Making software is challenging. It can be incredibly complex with a lot of moving parts. Questions will come up that are difficult to answer, and sometimes it’s difficult to find the right language to ask. It’s important to have the right tools to get unblocked when we run up against these complex questions. When there […]
Making software is challenging. It can be incredibly complex with a lot of moving parts. Questions will come up that are difficult to answer, and sometimes it’s difficult to find the right language to ask. It’s important to have the right tools to get unblocked when we run up against these complex questions.
When there are several dimensions to consider and several consequences to weigh, I lean on my toolbox as a consultant. Those tools include clarifying the problem, envisioning the landscape, and defining the work ahead once a decision is made.
When executed well, these steps make it seem like we haven’t done anything at all. The conversation is focused on the right areas and all parties can make decisions quickly. However, no one forgets when you’ve made their job easier. These tools help us own the work and move the project, and the team, forward toward our goals.
This step is exactly how it sounds. Make a picture. It doesn’t have to be pretty.
It could be as simple as a brainstorm map that shows the relationships between entities, roles, systems, etc. You can even use Excel to create a mockup so the team can see the connection or the value exchange between systems. This visualization can help teams make quick decisions.
It can be hard to problem solve when you’re passionate about the product and its success.

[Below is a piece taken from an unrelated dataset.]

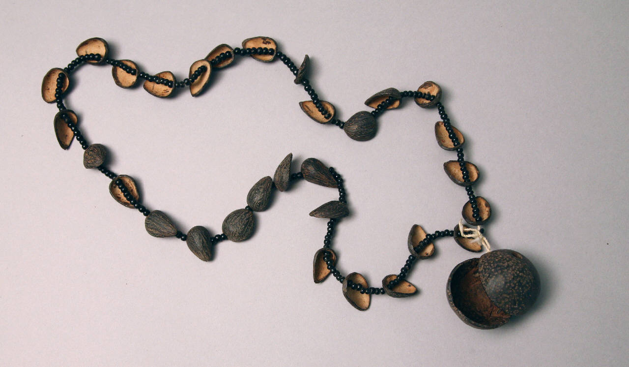 Collana di semi a un solo giro con pendente. I semi sono di tre tipi, due sul giro e uno sul pendente. Sul giro, a quatto o cinque semi piccoli di colore scuro, si alterna un mezzo seme più grande e marrone, mentre il pendente è realizzato con due mezzi semi ancora più grandi sempre marroni.

Being able to step back, clarify what the question really is about, and make sure the team is on the same page has helped our team.
With this approach, we can take a detailed question and zoom out to the bigger picture. From there, we can see what’s really at stake and make decisions that answer a dozen open questions instead of just one.
Any good problem has a variety of solutions, and the thing about hard decisions is that the options seem equal. Our teams facilitate these discussions by outlining the options (name the option, define the outcome) and how they differ.
Who is impacted? What is the effort involved? Who will own the work? What are the trade-offs?
Here’s how to take a project over the finish line. Once you’ve made a decision, what are the next steps? Does more discovery need to take place? If so, to answer what questions? Do you need to write user stories, and if so, what is the work, and who will take the lead to add them to the backlog? This crucial step closes the loop on the complex question at hand.
These steps are crucial for consultants. In order to do this work, we as designers and consultants have to truly understand the needs of our users and the ecosystem we’re working in. With this knowledge and empathy for our users, we can help our teams move forward.